J Biol Chem. 2002 Jun 7;277(23):20934-41. Epub 2002 Mar 29., 2002-06-07 [PMID:11925441]
Abstract [show]
Human multidrug resistance protein 1 (MRP1) confers resistance to many natural product chemotherapeutic agents and actively transports structurally diverse organic anion conjugates. We previously demonstrated that two hydrogen-bonding amino acid residues in the predicted transmembrane 17 (TM17) of MRP1, Thr(1242) and Trp(1246), were important for drug resistance and 17beta-estradiol 17-(beta-d-glucuronide) (E(2)17betaG) transport. To determine whether other residues with hydrogen bonding potential within TM17 influence substrate specificity, we replaced Ser(1233), Ser(1235), Ser(1237), Gln(1239), Thr(1241), and Asn(1245) with Ala and Tyr(1236) and Tyr(1243) with Phe.

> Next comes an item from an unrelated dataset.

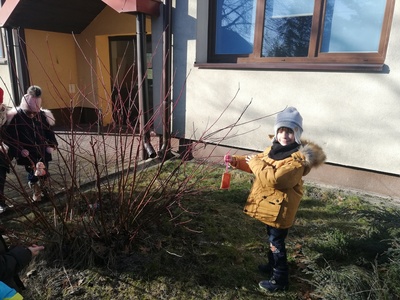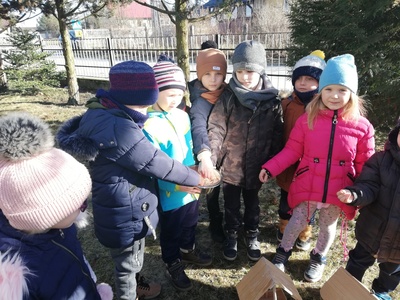 Dzieci z grupy Krasnale dbają o to, aby ich skrzydlaci przyjaciele podczas tegorocznej, mroźnej zimy nie były głodne. Z radością wyszły więc na zewnątrz aby zawiesić słoninkę, jabłka, powiesić karmniki wsypując do nich ziarna zbóż, słonecznika oraz okruszki chleba. Ptaki na pewno podziękują nam pięknym śpiewem, pomachają skrzydełkami, przycupną na parapecie. Miło jest patrzeć na ptasią stołówkę.
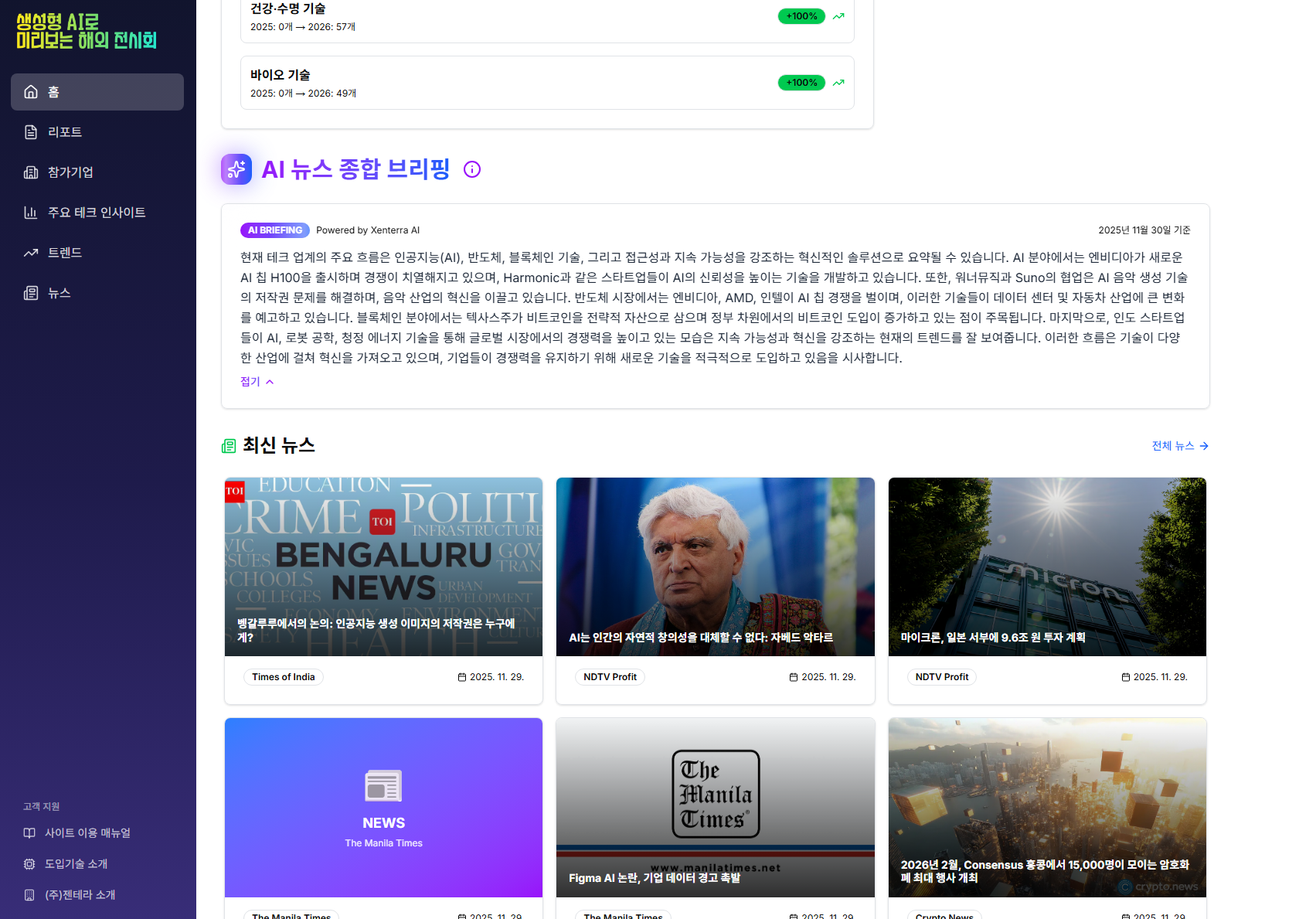 - AI 리포트 자동 업데이트: 각 기술 카테고리별로 AI가 매일 최신 트렌드 리포트를 자동 생성합니다.

Mutations S1233A, S1235A, S1237A, and Q1239A had no effect on any substrate tested. In contrast, mutations Y1236F and T1241A decreased resistance to vincristine but not to VP-16, doxorubicin, and epirubicin. Mutation Y1243F reduced resistance to all drugs tested by 2-3-fold. Replacement of Asn(1245) with Ala also decreased resistance to VP-16, doxorubicin, and epirubicin but increased resistance to vincristine. This mutation also decreased E(2)17betaG transport approximately 5-fold. Only mutation Y1243F altered the ability of MRP1 to transport both leukotriene 4 and E(2)17betaG. Together with our previous results, these findings suggest that residues with side chain hydrogen bonding potential, clustered in the cytoplasmic half of TM17, participate in the formation of a substrate binding site.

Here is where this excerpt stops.